We use two individual-based, stochastic, discrete-time SIR models that extend our previous work (Cross *et al*. 2005). These models differ from each other and our previous analyses only in the mechanism by which the susceptible pool is replenished. In the SIRS model immunity is transient, so recovered individuals can return to the susceptible state, and in the SIR_BD model immunity is permanent but births introduce new susceptibles, while deaths keep the population size constant. In simulations of each model, we track each individual's spatial position (group membership) and disease class (S-susceptible, I-infected, R-recovered).

In each model four processes occur: infection, recovery of infected hosts, creation of new susceptibles and movement among groups.
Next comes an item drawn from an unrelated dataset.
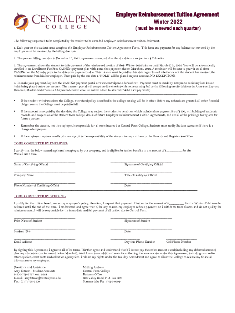 Employer Reimbursement Tuition Agreement Winter 2022 (must be renewed each quarter) The following steps need to be completed by the student to be awarded Employer Reimbursement tuition deferment:

We take disease transmission to be frequency-dependent (Getz & Pickering 1983), whereby the instantaneous rate of infection for each susceptible individual in group *i* is *βI*_{i}/*n*_{i}, where *β* is the transmission coefficient; *I*_{i} is the number of infected individuals in group *i*; and *n*_{i} is the total number of individuals in group *i*. Because our models operate in discrete time, the expression 1−exp(−*β*(*I*_{i}/*n*_{i})) is used to depict the saturating probability of infection per time-step for each susceptible individual (implicitly assuming that the force of infection is constant within each time-step). All disease transmission is assumed to occur within local groups and contact among groups occurs only by movement of individual hosts. We assume that infected individuals recover from infection to an immune class with a constant probability *γ* per time-step. We model movement among groups in a density-independent fashion such that all individuals have a constant probability *μ* of leaving their current group in each time-step. In the SIRS model, recovered individuals lose their immunity with probability *ρ* per time-step and births and deaths do not occur. In the SIR_BD model, all individuals have probability *δ* of dying and being replaced by a susceptible individual in the same group.

Groups are organized on a square lattice with periodic boundary conditions (i.e. movement is on a torus), where individuals move to one of their four nearest-neighbouring groups, chosen at random. Each simulation starts with one infected individual and all groups begin with the same number of individuals. Except where otherwise noted, we ran simulations on a 11×11 array of groups. Since our spatial model was symmetric, group sizes remained relatively constant during the course of each run. Therefore, our assumption of frequency-dependent transmission is approximately equivalent to a rescaling of density-dependent transmission.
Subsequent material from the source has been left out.